08.12.2010, 16:18 Uhr | DAPD
Neumünster (dapd-nrd). Der Naturschutzbund (NABU) fordert Bundesverkehrsminister Peter Ramsauer (CSU) zu Schlichtungsgesprächen über die geplante Fehmarnbelt-Querung auf. Grundsätzlich müsse gemäß einer Klausel im Staatsvertrag mit Dänemark auch ein Ausstieg aus dem Projekt möglich sein, wie der Verband am Mittwoch in Neumünster mitteilte. Im Gegensatz zu "Stuttgart 21" seien am Fehmarnbelt noch keine Bagger angerollt.
Die Umweltschützer verlangen allerdings, dass die Projektgesellschaft Femern A/S auch die Variante eines gebohrten Tunnels berücksichtigt. "Erst wenn alle Fakten bekannt und offengelegt sind, machen Schlichtungsgespräche Sinn. Alles andere wäre Zeitverschwendung", sagte NABU-Fehmarnbeltexperte Malte Siegert.
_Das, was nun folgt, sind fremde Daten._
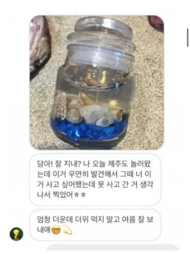 아이유에게 차마 연락을 못하고 있는 가운데 인스타그램을 통해 아이유가 직접 연락이 와 담이씨가 갖고 싶었다고 말했던 ‘제주캔들’의 사진을 찍어 보내며 “제주도 놀러 왔는데 우연히 발견한 제주캔들에 너 생각이 나서 찍었다”며 “여름 잘 지내라”는 메세지를 보냈다.

Femern A/S hatte sich Ende November für den Bau eines Absenktunnels als feste Fehmarnbeltquerung zwischen Deutschland und Dänemark ausgesprochen. Bei solchen Tunneln werden die Röhren an Land gefertigt, an ihrem Ziel versenkt und dann verbunden. Laut Femern A/S ist die Bautechnik eines Tunnels im Gegensatz zum Bau einer Schrägkabelbrücke, bei der angesichts der enormen Spannweiten technisches Neuland betreten würde, bereits bekannt und erprobt.
Politisch wurde die Querung 2008 von Deutschland und Dänemark beschlossen. Mit der Eröffnung wird nicht vor 2020 gerechnet. Ob Tunnel oder Brücke: Es geht jeweils um eine zweigleisige Eisenbahntrasse, die mit bis zu Tempo 200, und eine vierspurige Autobahn, die mit maximal 110 Kilometern pro Stunde befahren werden kann.